La ville nouvelle d’Évry a construit près de 1 million de mètres carrés de bureaux. Une partie de ces locaux ne correspond plus à la demande actuelle, et est obsolète. Les loyers ont peu augmenté (ce qui est un mauvais signe), mais les charges se sont sensiblement élevées. À la fin des années 1980, des petites entreprises se développaient, attirées par les grandes. C’était l’époque des activités et « tique » (informatique, robotique…). Les élus croyaient que cela continuerait, mais ce ne fut pas le cas. Au début des années 1990, toutes ces activités subissent la délocalisation, y compris IBM.
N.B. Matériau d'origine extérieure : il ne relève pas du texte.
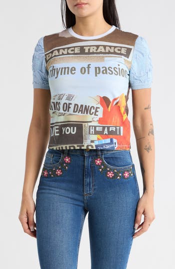 A magazine-cutout-inspired graphic creates an artful statement on this T-shirt finished with metallic-flecked knit short sleeves.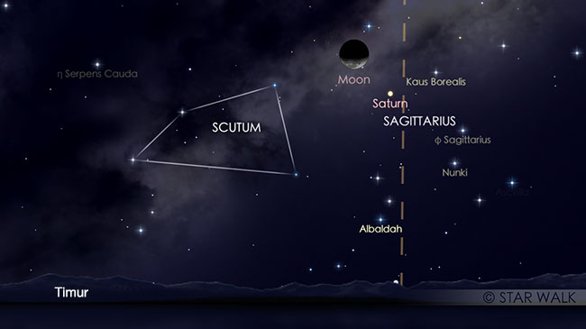 Sehari setelah Mars, Saturnus memperoleh kesempatan bertemu Bulan dan berpasangan sejak terbit beriringan. Bulan akan terbit lebih dahulu pada pukul 00:43 WIB dan disusul Saturnus pukul 00:58 WIB dan hanya terpisah 3º di langit.
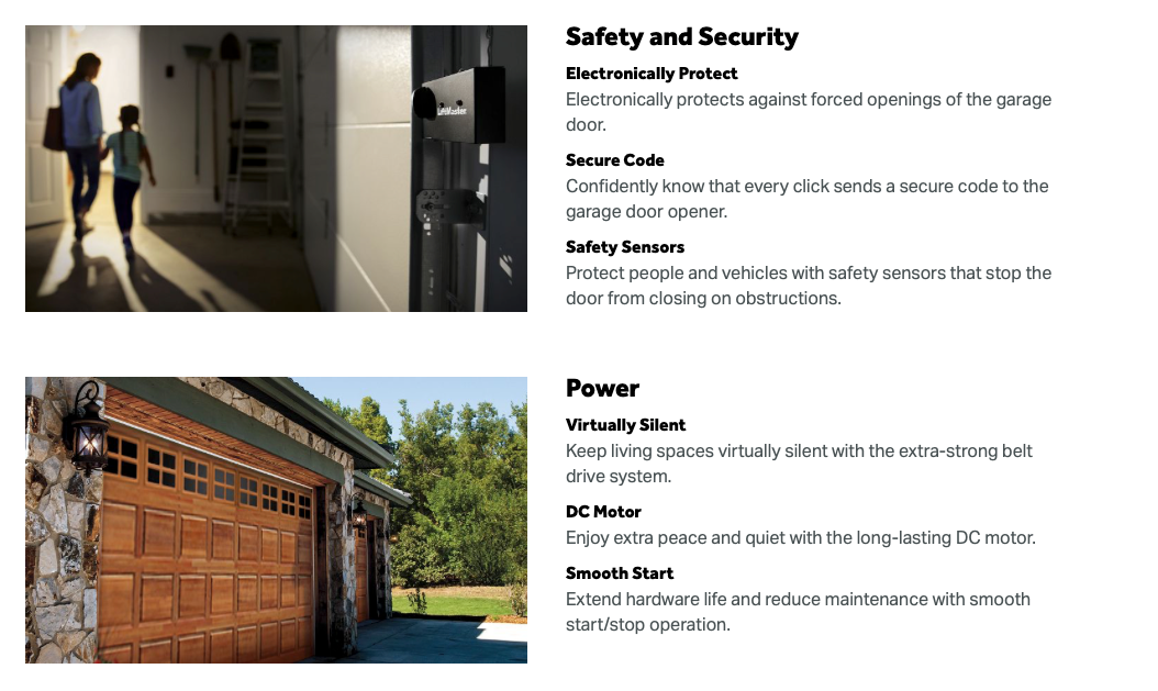 - Ultra-quiet DC motor and strong belt drive system ensures for comfortable living spaces near the garage.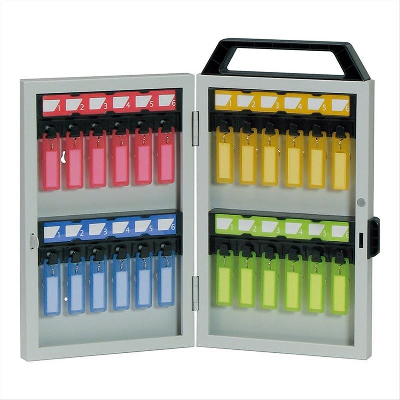 壁面に固定でき、取っ手付きで持ち運びも可能なキーボックスです。

Les élus, qui avaient repris le pouvoir dans le cadre des SAN, auraient dû se mobiliser davantage, développer les relations avec les entreprises. De fait, on ne peut leur en faire grief, car leur métier est la gestion des équipements de proximité. La gestion d’un vaste bassin de vie relève d’un autre métier, qui consiste à assurer la cohérence des grands équipements, des implantations commerciales, des activités et des transports à une échelle qui les dépasse de loin. Les signataires de la pétition de l’été 2018 demandent que la Région, en plus de la compétence sur les transports qu’elle détient déjà, ait aussi celle des agréments d’implantations.
L’arrivée du Genopole, à la fin des années 1990, avait ravivé les espoirs, mais les effets restent limités. Les chercheurs habitent ailleurs.
Sur les locaux d’activités, il reste une petite demande, de l’ordre de 60 000 mètres carrés l’an sur Évry, et autant sur Sénart.
La logistique se développe beaucoup depuis la fin des années 1990, et surtout les années 2010. Avec le développement de filiales en province, ce marché est ce qui permet à Jean-François GRIMAUD de sauver sa structure. Ces grands entrepôts sont surtout voués à l’assemblage et à la commercialisation des produits fabriqués en Chine. Les bâtiments sont de plus en plus grands, et augmentent leur recrutement de personnels, mais de faible qualification. L’arrivée de grandes firmes, comme UPS ou Amazon, a marqué les dernières années.
Les grandes implantations commerciales, comme Évry2, sont en pleine évolution. Si elles suivent les changements de la sociologie de leur secteur, certaines, comme le Carré Sénart, captent une clientèle plus aisée, mais elles restent fragiles. L’itinéraire suivi, toujours avec retard, est celui des malls américains, qui s’ouvrent maintenant sur la ville… quand ils ne sont pas démolis. On retrouve les mêmes facteurs, qui plongent dans la crise les centres de beaucoup de villes de province.
Des atouts demeurent cependant. La préfecture est ce qui permet à Évry de tenir, alors que d’autres villes nouvelles, comme Marne la Vallée, n’ont pas cette fonction. Il y aussi l’université, qui a la chance d’être liée à l’ensemble universitaire de Paris Sud, jusqu’à Orsay, bénéficiant ainsi d’une image positive mondialement reconnue. On doit ajouter aussi deux constantes de l’histoire et de la géographie locale depuis des siècles : l’effet de porte sud de la région parisienne, qui explique maintenant le succès de la logistique, et l’attrait des chercheurs parisiens - et de leurs invités du monde entier – pour des implantations proches de la nature, qui trouvent des espaces pour s’étendre.
L’un des derniers directeurs de l’EPEVRY raisonnait sur un bassin de vie de Melun à Brétigny. L’histoire n’est pas terminée.